Miserables en el Parlamento

[Img #16082]Mirando estos días al Parlamento, resulta tremendo constatar el proceso de aculturización y de degeneración que se vive actualmente en España. Las infinitas barbaridades ideológicas y políticas que han sido validadas (cuando no directamente promovidas) por las instituciones, la semiaceptación general de que la utilización de la violencia (tanto física como verbal) es solamente "otra manera" de decir las cosas y la falta de una postura firme por parte de las autoridades democráticas ante los innumerables desprecios a la dignidad humana, al ordenamiento constitucional y a nuestros fundamentos civilizadores que se producen en nuestro país, son factores que están contribuyendo sobremanera al surgimiento de un territorio moral desértico, volteado, fantasmal y decadente en el que las relaciones entre los ciudadanos, las organizaciones y las administraciones no están marcadas por la cooperación o la búsqueda de acuerdos entre diferentes, sino por la sospecha, la desconfianza, el rápido recurso al insulto y la descalificación, y la amenaza permanente a la utilización de la fuerza.

 

Miren al Parlamento y entenderán las razones por las que la caída en esta espiral de despropósitos y de licuación ética de la que hablamos resulta fácil de comprender.

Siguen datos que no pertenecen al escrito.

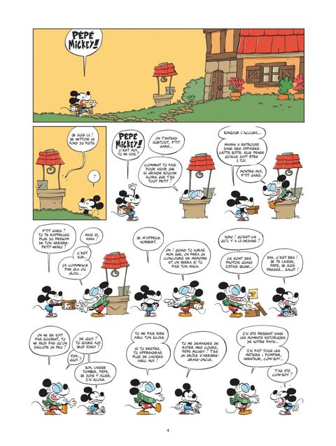 Norbert, l'arrière-petit neveu de Mickey, est comme tous les gamins de son âge : le nez toujours plongé dans sa console de jeux vidéo. Alors, pour attirer son attention, son arrière grand- oncle a l'habitude de lui raconter des histoires. Mais pas n'importe lesquelles : celles qu'il a vécues dans sa jeunesse. De palpitantes aventures dans lesquelles il a tour à tour été : cowboy, prisonnier dans le Bayou, as de l'aviation de la Première Guerre Mondiale, trafiquant de chocolat pendant la prohibition et même astronaute ! Norbert a un peu de mal à croire à ces récits invraisemblables, d'autant que, comme toutes les personnes âgées, pépé Mickey (comme l'appelle Norbert) a la vue qui baisse et la mémoire un peu comme un gruyère... Tébo, co-créateur de Captain Biceps et probablement l'un des dessinateurs de gags les plus doués de sa génération, imagine dans un dialogue entre pépé Mickey et son arrière petit neveu la jeunesse de la plus célèbre des souris. Retrouvez cinq histoires courtes dans lesquelles il revisite le monde de Mickey de son trait moderne et débordant d'idées, et où humour et aventure sont évidemment au rendez-vous !
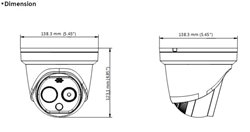 Venkovní DOME IP termo-optická kamera s rozlišením termosnímače 256x120 při 25 sn/s a optickým rozlišením 4MPix při 25 sn/s. Objektiv termosnímače 2,1mm s úhlem záběru 90°, objektiv optického snímače 2,2mm s úhlem záběru 117,8°, teplotní rozsah měření -20-150°, Přesnost ±8°C, LED blikač, audio alarmová hláška. alarm IN/OUT 1/1, audio IN/OUT 1/1, IR přísvit 15m, WDR 120dB, Napájení PoE/12V=, krytí IP66, slot na microSD kartu do 256GB, rozměry: průměr 138,3 x 123,1 mm, hmotnost 0,94 kg, barva bílá.
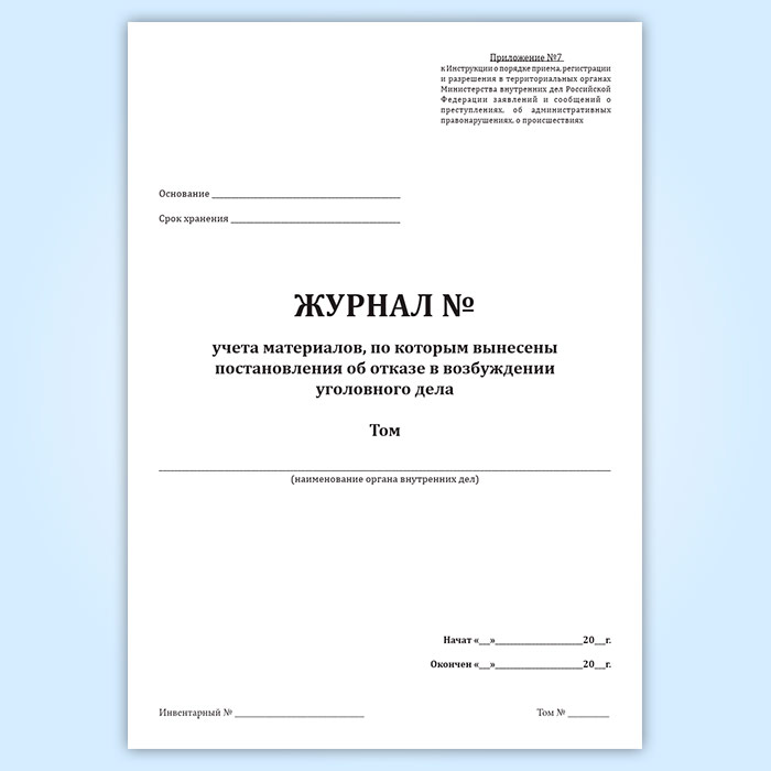 Журнал учета материалов, по которым вынесены постановления об отказе в возбуждении уголовного дела в Магнитогорске купить

Si bienes supremos como la libertad individual o la justicia son cómodamente quebrados por criminales de toda índole que posteriormente son premiados y alabados públicamente, si los medios de comununicación del sistema promueven impunemente los señalamientos, los insultos continuos y las falsedades reiteradas, si las escuelas se convierten en plataformas privililegiadas para los adoctrinamientos políticos más rastreros, si las universidades son nidos de miserables, corruptelas y de radicalidad ideológica y si, en general y repetidamente, la estabilidad política y social se ve atacada por especímenes irracionales que en escasísimas ocasiones padecen su sanción, resulta lógico que, a fuerza de insistir en la ignominia, al final se hayan impuesto la vulgaridad más abyecta, la ignorancia más dramática, el desconocimiento más zafio y la intimidación, el chantaje y la corrupción como las opciones más rápidas para conseguir lo que se desea a cualquier precio. Y lo que se desea, siempre, es poder para manejar presupuestos públicos y poder para diseminar caducas ideologías totalitarias de izquierda.

 

La familia y la escuela son los responsables primeros de que la educación sea realmente un baño de civilización que la mayoría de los individuos adquirimos para evitar los muchos roces, colisiones y conflictos que pueden surgir en sociedades complejas como en las que hoy convivimos los hombres y mujeres occidentales. Pero cuando esta pátina de seguridad se resquebraja tolerando lo inadmisible y justificando lo injustificable se entra en una dramática caída hacia el envilecimiento que luego siempre resulta muy difícil, cuando no imposible, detener. Si nos fijamos bien, en España especialmente, pero también en demasiados lugares de Europa y Estados Unidos, ya hemos traspasado numerosos niveles de seguridad en este camino que nos lleva inevitablemente a las más altas cotas de la estulticia y de la miseria.

 

Cada vez que un profesor coacciona a un alumno, en cada ocasión en la que un adolescente perfectamente adoctrinado desprecia a sus mayores insultándoles en la calle, en el momento en el que se atacan iglesias que representan las legítimas creencias de numerosos ciudadanos, cuando se desecha toda la civilidad que guarda un museo, cuando las fiestas populares se convierten en bacanales indecentes o cuando se profanan tumbas, se destrozan servicios públicos o se manipulan libros de texto, se están cometiendo actos delictivos (o casi) que deben ser sancionados penalmente, pero, además, se está inyectando en el cuerpo social un acervo de comportamientos caóticos, desaprensivos e indecentes que, en poco tiempo, siempre acaban por contaminar en mayor o menor medida todas las relaciones que vertebran y definen a una determinada comunidad. Y, por supuesto, emponzoñan, especialmente, las instituciones. Basta con mirar hoy cómo la oclocracia desborda el Parlamento.